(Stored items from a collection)
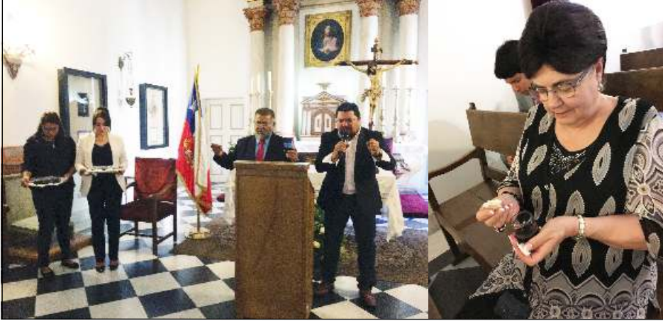
The President's Chapel
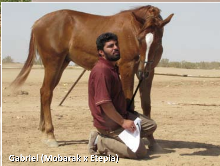
Gabriel (Mobarak x Etepia)

had already competed with each other in the past and many were curious to witness the outcome.
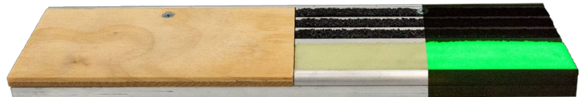
Base & Wood (for use during construction)
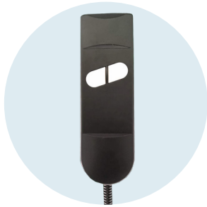
Wired Remote control (1)

Before discarding any packing materials, check the adjustable bed carton and verify all items in the parts list are included.
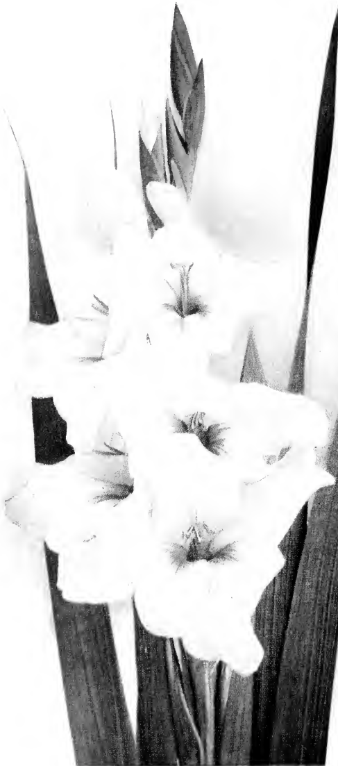
Peace (see page 11)

When I remembered the modest, rather commonplace Gladioli of my grandmother's garden—flag-lilies we boys called them—quite little flowers of a salmon-red, and then looked at the great blossoms crowded around me in such exquisite and infinite variety of tints, it was hard to realize that these were not of another family, a distinct and separate race. But they were not. They were
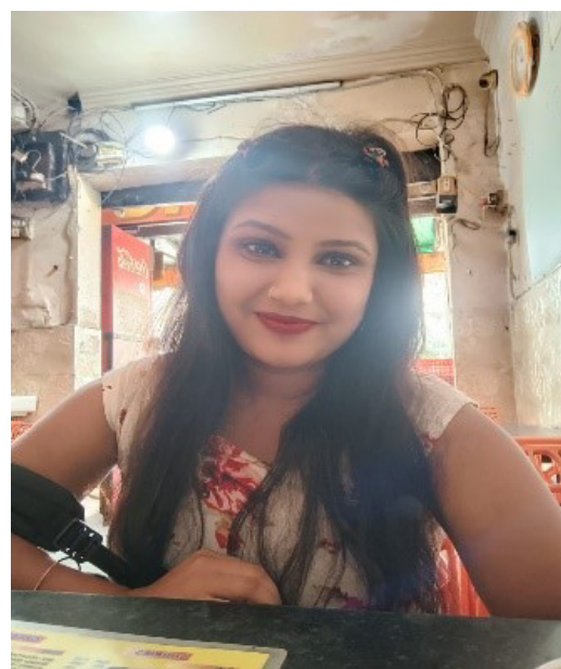
Trained Nurses Association of India offers student nurses association (SNA) Scholarship every year.
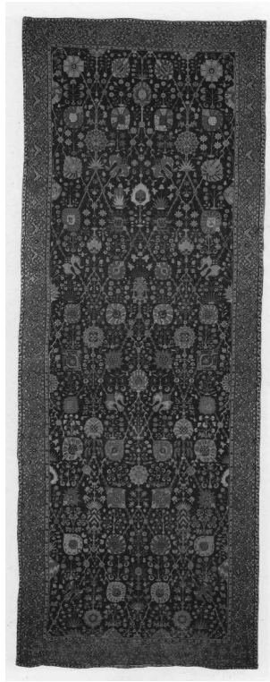
Fig. 5. Medallion Carpet LNS 25R, The al-Sabah Collection Dar al Athar al-Islamiyyah, Kuwait

It is interesting to note that before the advent of synthetic dyes, the red coloring used to represent pomegranates in textiles consisted primarily of madder or madder warty (23). The skin of the pomegranate was also used to produce yellow-ochre dyes.
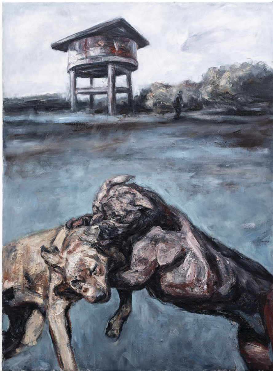
Johann Louw Woeste gevegte 2020 Oil on Canvas 209 x 143 cm
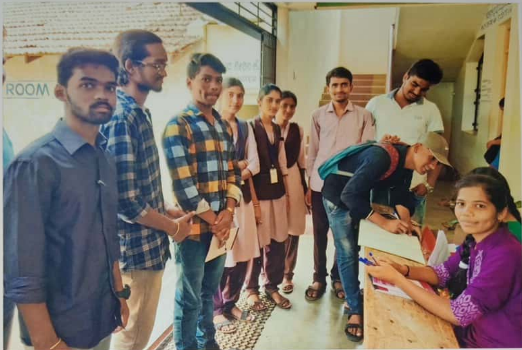
Registration of volunteers to the National Youth Parliament Festival
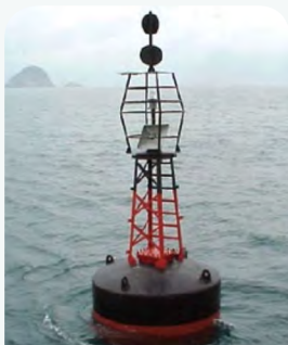
Isolated Danger lighted buoy

Not primarily to assist navigation but to indicate special features
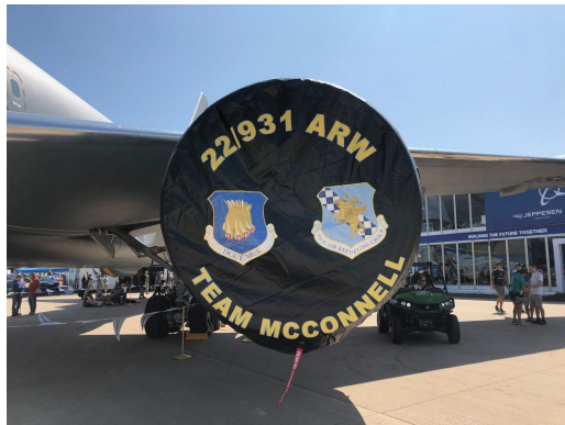
Boeing KC-46 Intake Cover
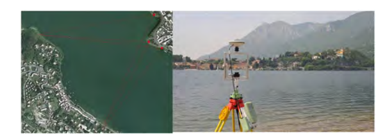
Figure 6: (Left) Test site, in red different standpoints and the lines-of-sight. (Right) 'Photo-GPS' system during the acquisition of images.
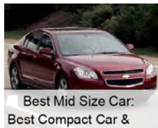
Best Mid Size Car: Best Compact Car &
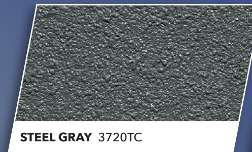
STEEL GRAY 3720TC
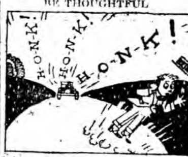
Automobile horns are to warn pedestrians, not to frighten them. Drivers of motor trucks are usually the worst offenders.

LEARN TO PARK CORRECTLY When leaving your car, stop the motor, set the emergency brakes and lock it. Leave your car with its right side parallel and close to the curb or roadside.
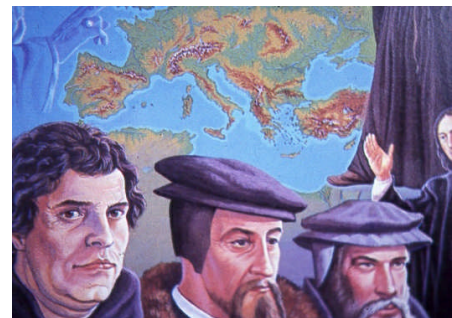
Reformers like Luther, Tyndale & Calvin identified the Papacy as the Antichrist.

Up till the Revolution, France had been a leading supporter of the Papacy for many centuries, and was called “The Eldest Son of the Church”. Consequently this disaster brought to an end the age-long political supremacy of the bishop of Rome, and dealt the Papacy a wound from which it has not yet fully recovered.
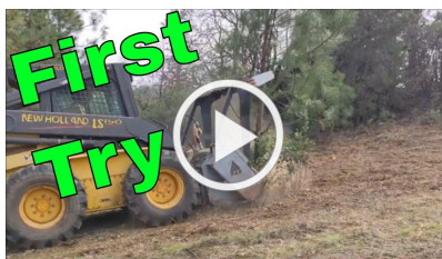
First use with a masticator in a forested setting video

A pesticide is any substance "intended for preventing, destroying, repelling, or mitigating any pest"... including antimicrobials, herbicides, and bug repellents. Plant growth regulators, defoliant, desiccants, and nitrogen stabilizers are also pesticides. - National Pesticide Information Center
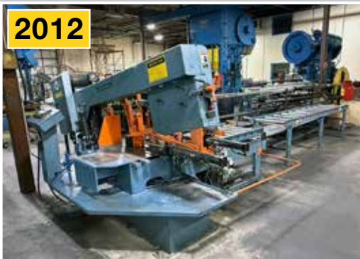
DOALL 500 SNC Horizontal Saw
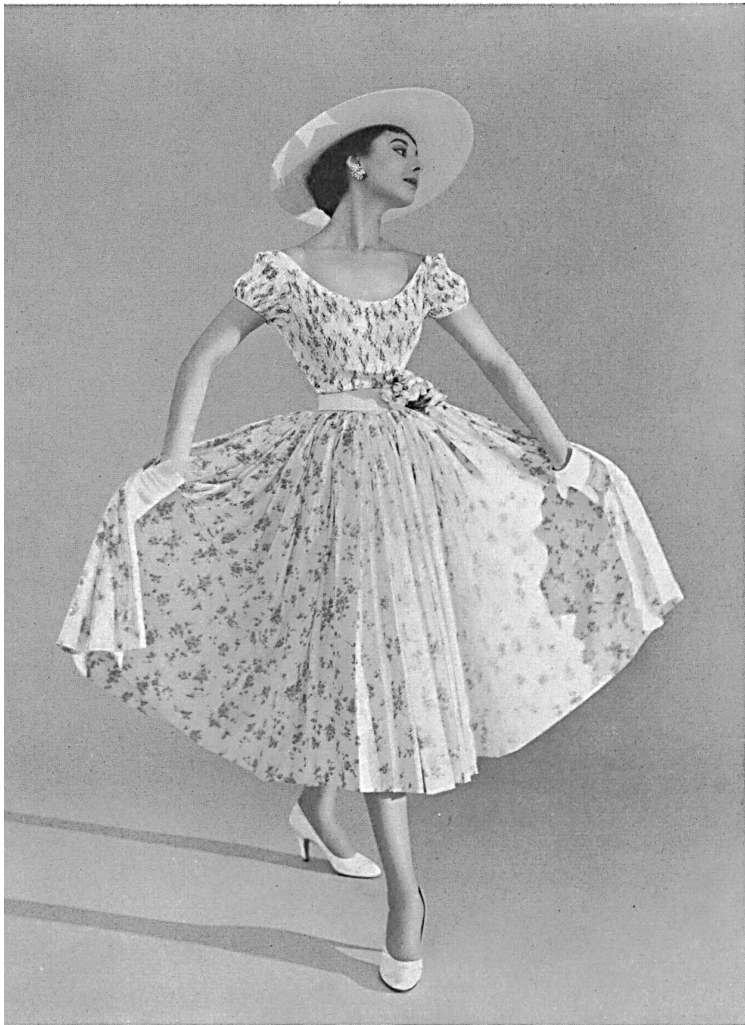
« Voiletta » cotton fabric with dainty posies print.
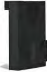
Keyboard Mouse Bracket
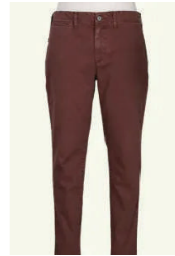
MEN'S NON-DENIM BOTTOM TWAR- 111
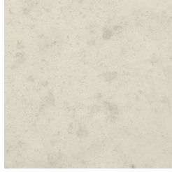
Shottery Limestone AROSLK15
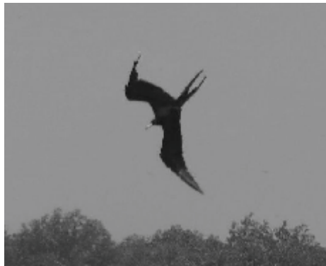
Frigate Bird, Guayaquil, Ecuador

I can't be sure where we picked up our first frigate bird - perhaps around the Ecuador, as we headed towards Brazil's north-east coast? What a marvellous sight! We were still quite a long way out at sea, and for much of the way round South America, there always seemed to be one soaring low over us, matching our speed without beating a wing, occasionally sweeping away to get some food. Huge spectacular looking birds, they put me in mind of pterodactyls whenever I looked skywards to see if our resident one (not the same one all the way round South America, I hasten to add!) was still there
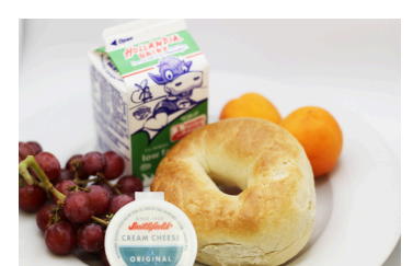
Turkey Sausage and Cheese Croissant OR Bagel & Cream Cheese
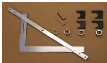
MODEL 7 INCLUDED ACCESSORIES SHOWN
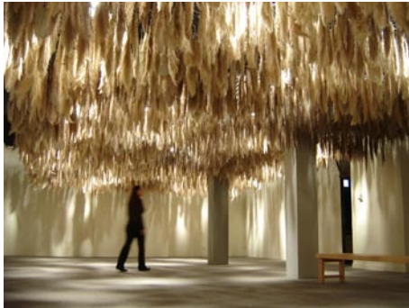
Work by Jarod Charzewski

Retrospective, includes vibrant paintings of French dyes on silk, collages, watercolors on Yupo paper, acrylic on canvas and mixed media. Photographs outlining the artist's process will accompany the exhibit. Viles has exhibited her work throughout the world, including China, Switzerland, Japan, Korea, France, Germany and Belgium. She also had a solo exhibition at HMA in 1995. For further information check our NC Institutional Gallery listings, call the Museum at 828/327-8576 or visit (www.HickoryArt.org).

Exercise description. Scan the entries above and return each line that holds "during".

Task response.
Base & Wood (for use during construction)
Figure 6: (Left) Test site, in red different standpoints and the lines-of-sight. (Right) 'Photo-GPS' system during the acquisition of images.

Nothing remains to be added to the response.